There are almost certainly rock bands who have managed to string together longer careers out of briefer, less memorable brushes with mainstream success than Shooting Star. There have to be. I just don’t know of any.
It really takes a special kind of music listener to even be aware of Shooting Star, a band that’s been together pretty much without interruption since the late ’70s and continues to record (matter of fact, the band’s latest album, Circles, just came out last month) — I’ve rarely, if ever, heard anybody bring them up outside a game of “Dinosaur Band Alphabet” or a lively discussion of dumbest ’80s band names (Le Roux almost always wins). They’ve never been much more than a regional act; “Touch Me Tonight” (download) is Shooting Star’s highest-charting single, and it peaked at #76 on the Billboard Hot 100.

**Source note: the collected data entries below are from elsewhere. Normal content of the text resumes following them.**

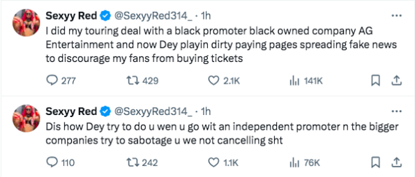 “I did my touring deal with a black promoter black owned company AG Entertainment and now Dey playin dirty paying pages spreading fake news to discourage my fans from buying tickets”
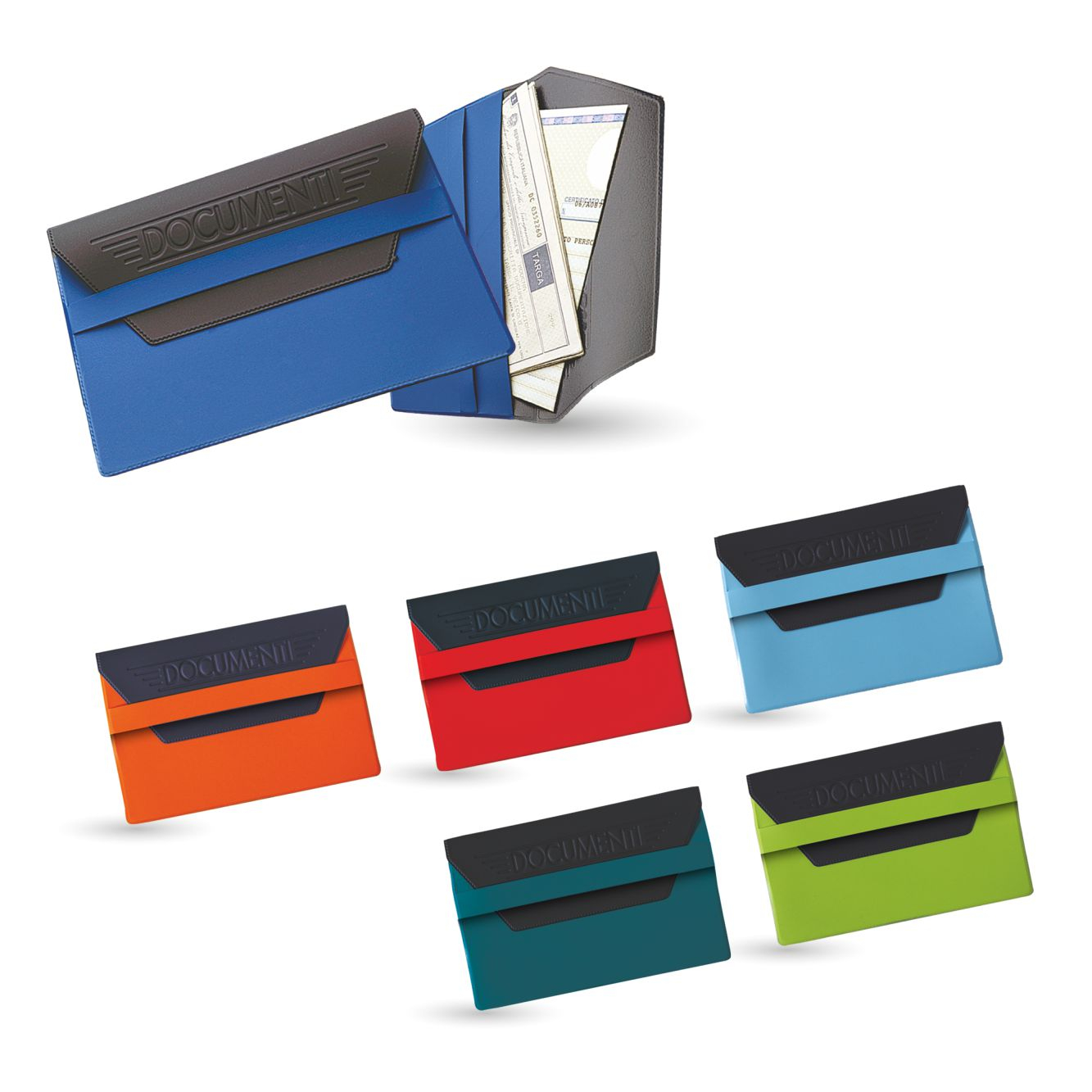 Porta documenti con fascetta in tam bicolore. Colori: verde, rosso, royal, arancio, sky, verde li-me. Dimensioni cm 19x13
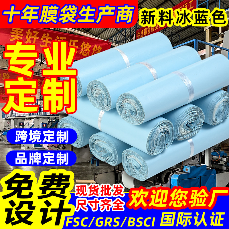 새로운 소재 아이스 블루 익스프레스 가방 두꺼운 PE 방수 포장 가방 전자 상거래 포장 맞춤 가방 로고 제조 업체 도매스토어 가기
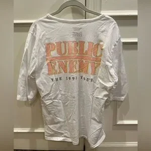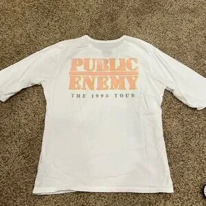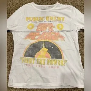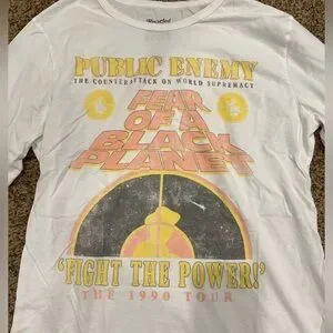 Recycled Karma white t-shirt featuring Public Enemy Fear of a Black Planet Fight the Power 1990 World Tour.
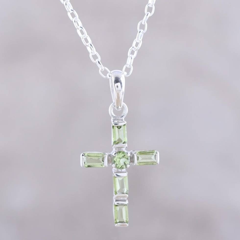Sterling Silver and Peridot Cross Pendant Necklace 'Kolkata Cross' Item ID: 2671620039

It wasn’t all the band’s fault. On one hand, it would be difficult to conceive of a group more thoroughly anonymous in sound or image, or one with a worse name — but then again, you could say the same thing about Toto, and look how well they did over the same timeframe. On the other, Shooting Star had a knack for getting into bed with labels ill-equipped to promote either a meat & potatoes rock band — like Virgin — or any band at all, like Enigma Records, the imprint that released Touch Me Tonight: The Best of Shooting Star in late 1989…and then went belly-up. The extra bitter twist to this tale is that, if I remember right, Shooting Star had reunited after a four-year break to release this “hits” package, and even took the time to include “Never Give Up” (download), a previously unreleased track, on the flip side of this here cassingle.
Damn if rock & roll isn’t a cruel mistress.
The story gets worse for Shooting Star — they signed with Artie Mogull’s razor-taloned career destroyer of a label, JRS Records, for their 1991 followup to Touch Me Tonight — but as I said, they’re still around, and still releasing new music. You’ve sort of got to respect that.